Surviving with a Spirited Child
How to help your child manage his or her "spirited" behavior and what you can do to diffuse problems or avoid them
Can You Relate?
When my oldest was four, she had five or six full-blown tantrums a day, ugly scenes in which she would lie on the floor kicking, screaming, and lashing out at me. To improve her behavior, I did try everything. I tried time-outs. I tried taking privileges and favorite toys away. I tried positive reinforcement and I tried bribery. I tried ignoring her. I tried negative reinforcement and I tried discussion. Nothing worked. I wondered if my daughter had a disorder that made her this way. I had her evaluated by school personnel and asked my doctor about her. They assured me she did not fit any diagnosis. I felt desperate and alone.

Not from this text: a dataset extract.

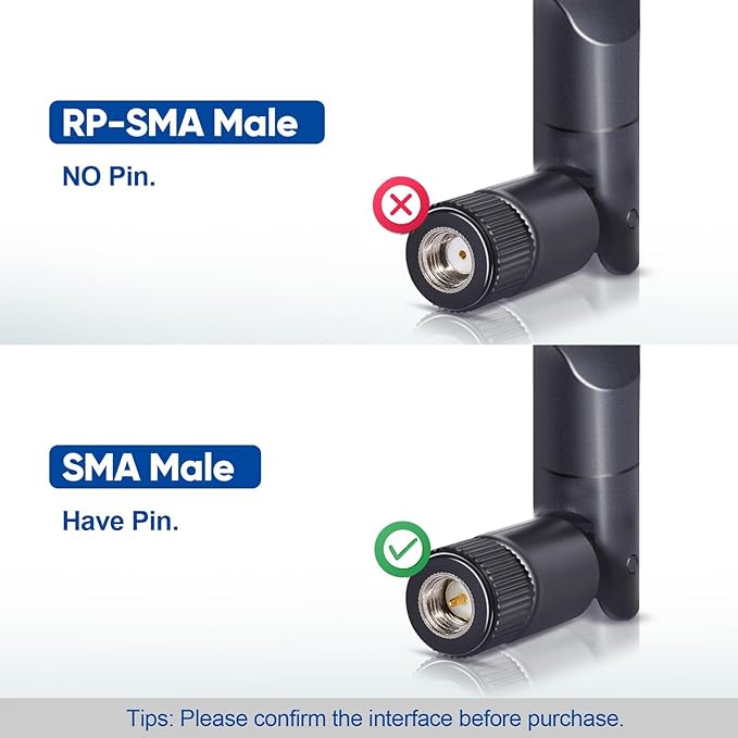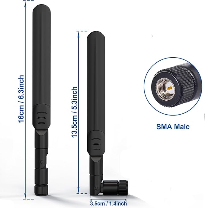デュアルバンドWiFi:2.4GHz(2400 - 2485 MHz)、5GHz/5.8GHz(5150 - 5850 MHz)、ゲイン:6dBi、指向性:全方向性、アンテナインターフェース:SMAオスインターフェース

Then I learned I wasn’t alone. I was surfing on the Internet and came across a message board for parents of “Spirited Kids.” The parents there were talking about kids just like mine. “It can be isolating having a spirited child,” says Deborah Shafritz, leader of that message board, parent educator, and mother. “It’s great to know that you’re not the only one. It’s comforting and empowering, and it makes you feel like you’re not a bad parent.”
This supportive group of parents also introduced me to the books by Mary Sheedy Kurcinka, entitled Raising Your Spirited Child and its companion workbook, as well as Kids, Parents, and Power Struggles. By reading these books and others, I learned that my daughter wasn’t just bratty, ADD, or hyperactive. She was “spirited.”